You are viewing a plain text version of this content. The canonical link for it is here.
Posted to dev@subversion.apache.org by "C. Michael Pilato" <cm...@collab.net> on 2013/06/03 16:22:41 UTC
Serf issue #102 and 1.8.0 release timing
Last week it was discovered that Serf 1.2.0 broke support for Digest
authentication, at least for applications such as Subversion where a
connection might be used for multiple requests against different URLs. You
can read about the problem in the issue where it was tracked (Serf issue
#102 [1]) and in supporting sources.
The problem has been fixed, thanks to Lieven's immediate and timely
attention and efforts. The question for us is: does this constitute a
soak-restart-worthy bug, and if so, on whose timeline?
On the one hand, it's trivial to argue that the bug wasn't Subversion's at
all, therefore can't force us to restart our soak period.
On the other hand, Serf 1.2.0 is the only available public Serf release with
which Subversion 1.8.0 can operate[2], which really rather limits folks'
ability to work around issue #102. From the end user's perspective, it's
going to be, "Subversion 1.8.0 doesn't work with my server" -- little
details such as which library is to blame and which authn mechanism is in
use are of little to no interest at all.
Unfortunately, there is as yet no public Serf release to date which contains
the fix for this problem. This means that were we to release Subversion
1.8.0 today, we'd have to do so with a warning label that informed folks
about the Digest auth deficiency. And I'm not even sure how useful that
would be -- *I* certainly couldn't tell you based on my typical userland
Subversion interactions which of the servers I interact with daily use
Digest auth and which use something else.
What, then, is the approach that best serves our users?
I'll suggest that the answer is found in how we'd track the issue locally.
"Subversion requires Serf 1.2.1" would be a reasonable issue description.
It would naturally be a 1.8.0 blocking issue. It's resolution (on our end,
at least) would be simple -- some build system twiddling is all. What
remains, then, is the determination of whether those changes (and it is
arguably fair to consider all the changes made between Serf 1.2.0 and 1.2.1,
here, too) are destabilizing or not. If they are considered destabilizing,
we're at least release_date(serf_1.2.1) + 28 days away from 1.8.0-final
again.
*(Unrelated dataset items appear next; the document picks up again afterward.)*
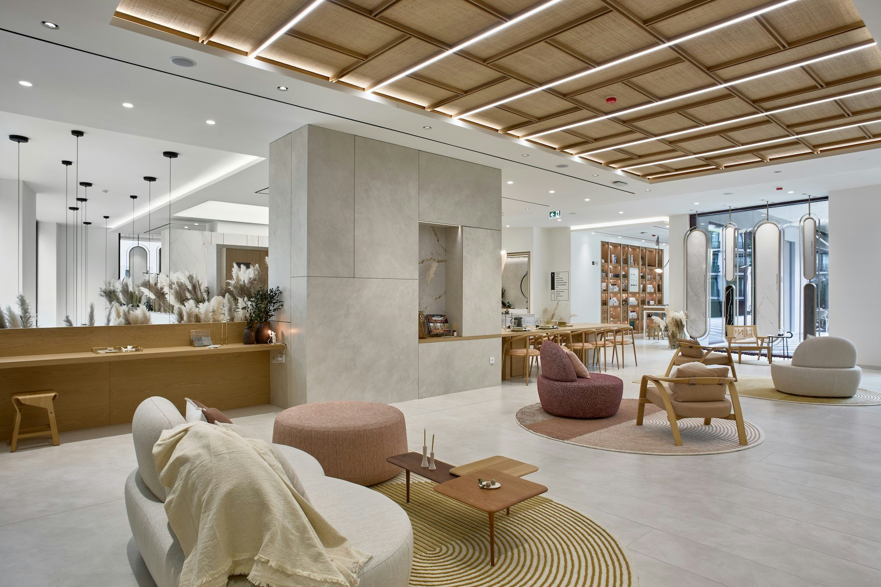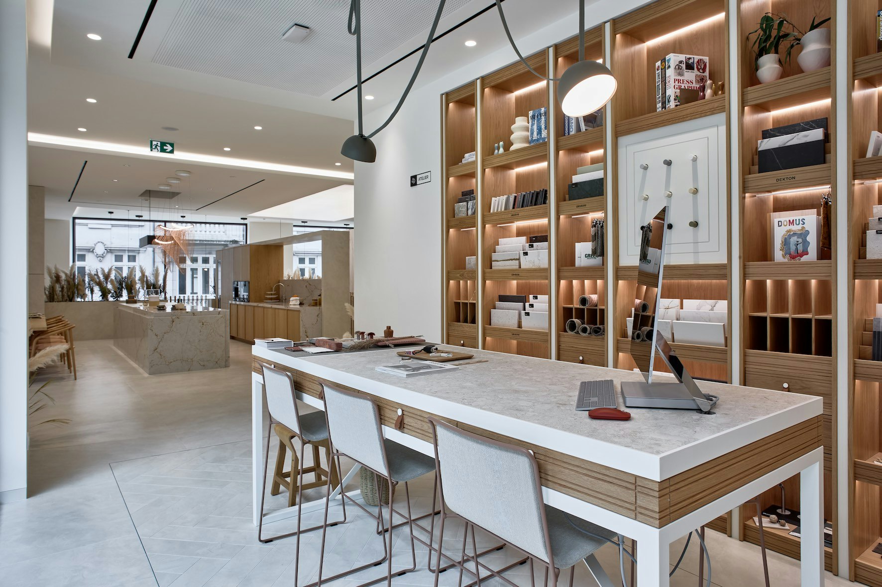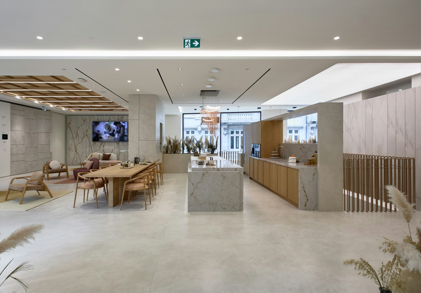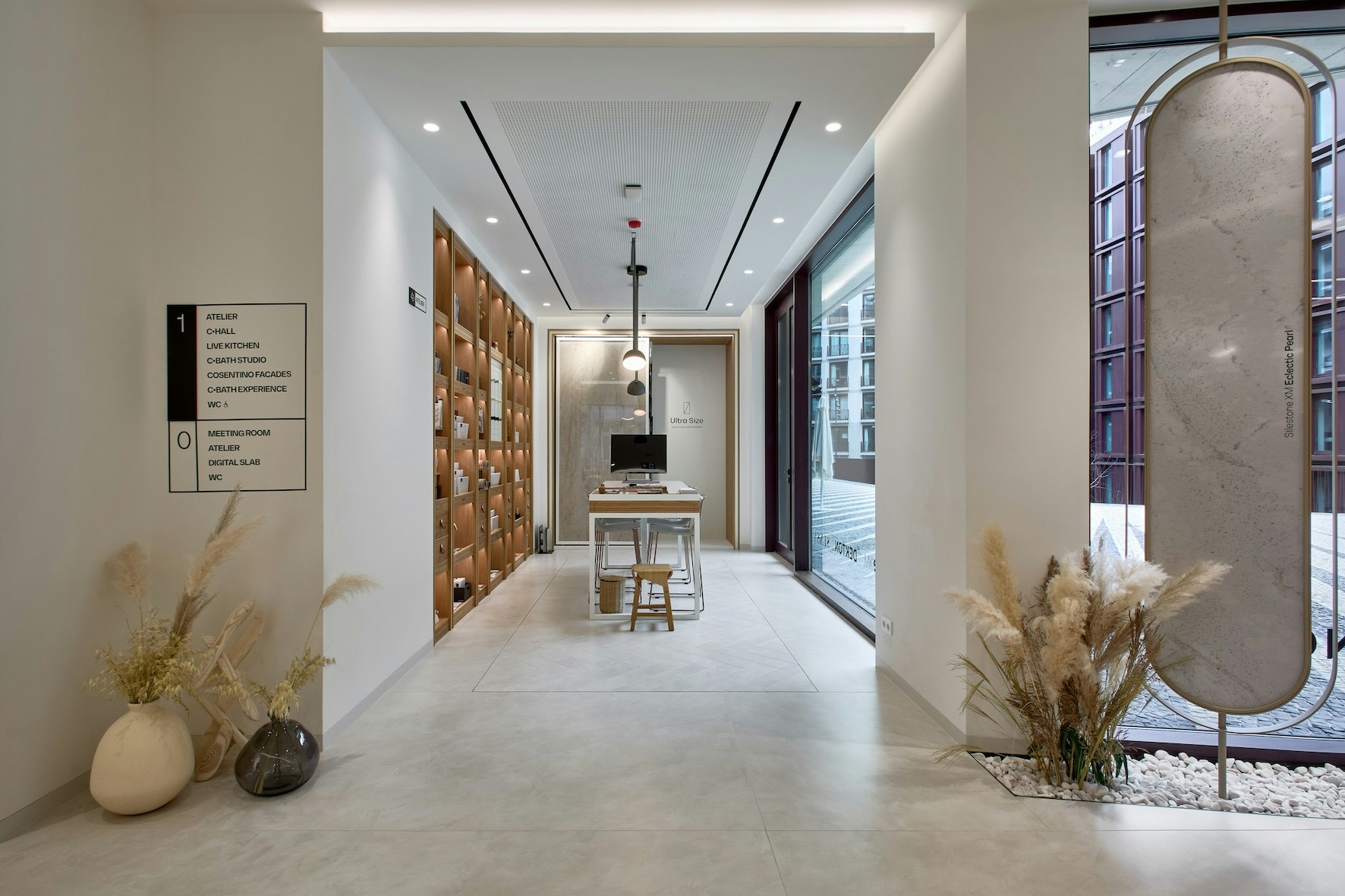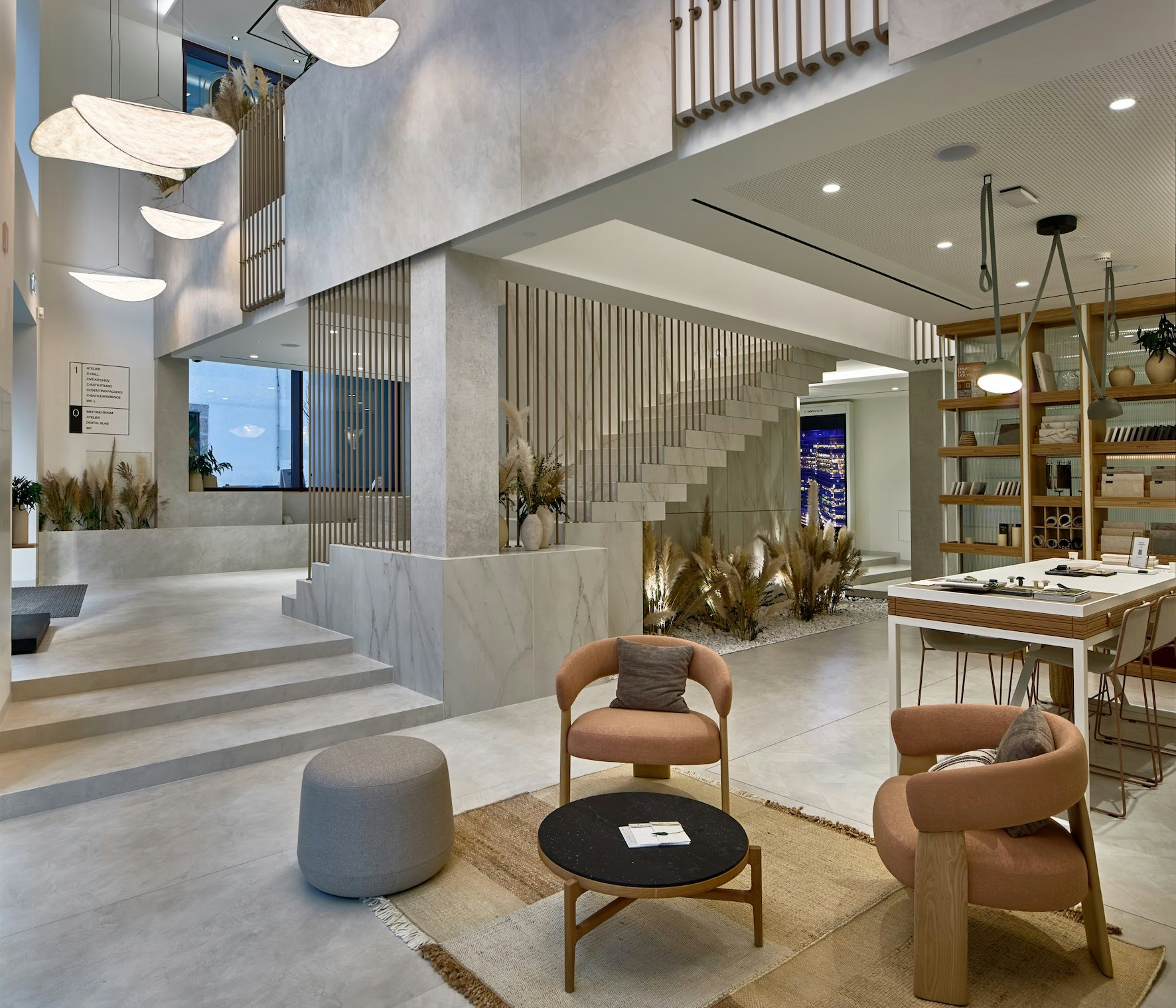 “Cosentino City Oporto” follows the main principles of this model designed to provide an immersive and inspiring experience. The lower floor houses a reception area, meeting space and an Atelier, all equipped with innovative digital tools. On the upper floor, visitors can enjoy a spectacular functional kitchen island and support area that integrates an invisible induction system. In addition to a second Atelier, on the upper floor all the company's solutions for bathroom are also displayed with different environments, as well as facades mock-ups.
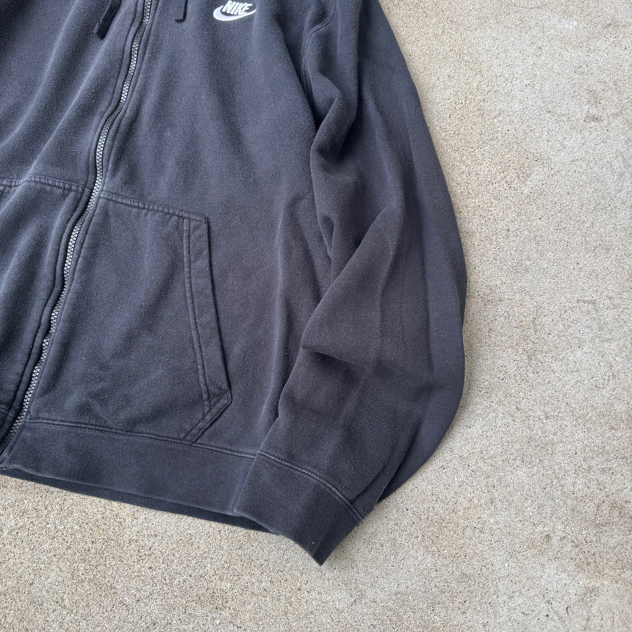 2000's "NIKE" zip up hoodie parka sweat swoosh black L / 2000年代 "ナイキ" ジップアップ フーディー パーカー スウェット 刺繍スウッシュ ブラック
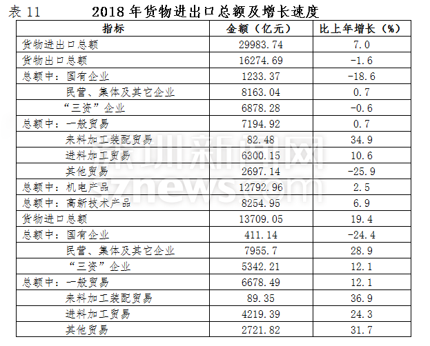 全年貨物進(jìn)出口總額29983.74億元,比上年增長7.0%。其中出口總額16274.69億元,下降1.6%;進(jìn)口總額13709.05億元,增長19.4%。出口總額連續(xù)二十六年居內(nèi)地大中城市首位。
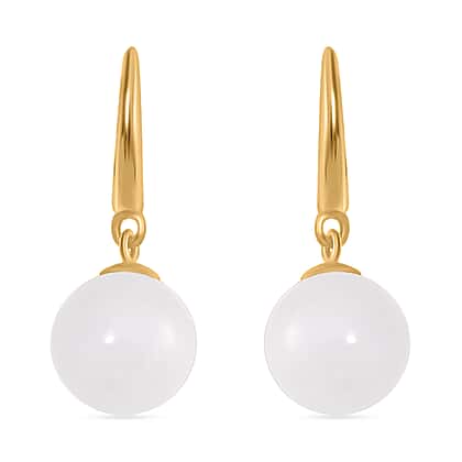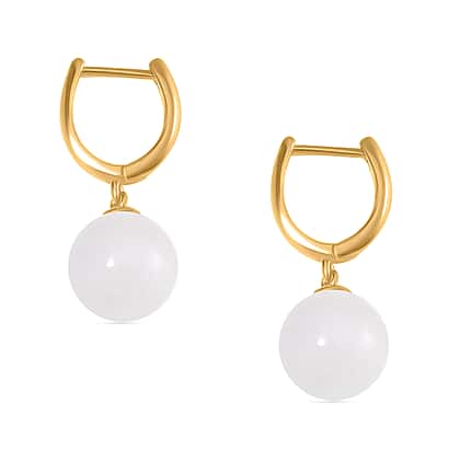 White Jade Drop Earring with Clasp in 18K Vermeil Yellow Gold Plated Sterling Silver 21.00 Ct.
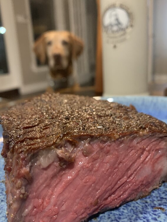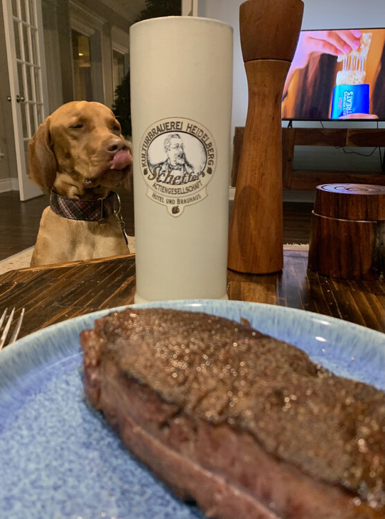 7. Friday night with a wagyu strip and a couple interested bystanders

If they are not, then we should hold off on 1.8.0-rc3 until Serf
1.2.1 is produced (hopefully Real Soon Now), and then our final release can
come a week after that.
Thoughts?
-- C-Mike
[1] https://code.google.com/p/serf/issues/detail?id=102
[2] See also: http://subversion.tigris.org/issues/show_bug.cgi?id=4274
--
C. Michael Pilato <cm...@collab.net>
CollabNet <> www.collab.net <> Enterprise Cloud Development
Re: [serf-dev] Serf issue #102 and 1.8.0 release timing
Posted by Peter Samuelson <pe...@p12n.org>.
[Greg Stein]
> But I'll go one step further: you shouldn't care at all.
>
> I could release 1.2.2 tomorrow with all kinds of crap. Or maybe the
> day after 1.8.0 goes final. Not much you can do about it. Subversion
> needs to soak its own code, not the entire dependency stack.
You could, but 1.2.2 would not be the minimum required version of serf.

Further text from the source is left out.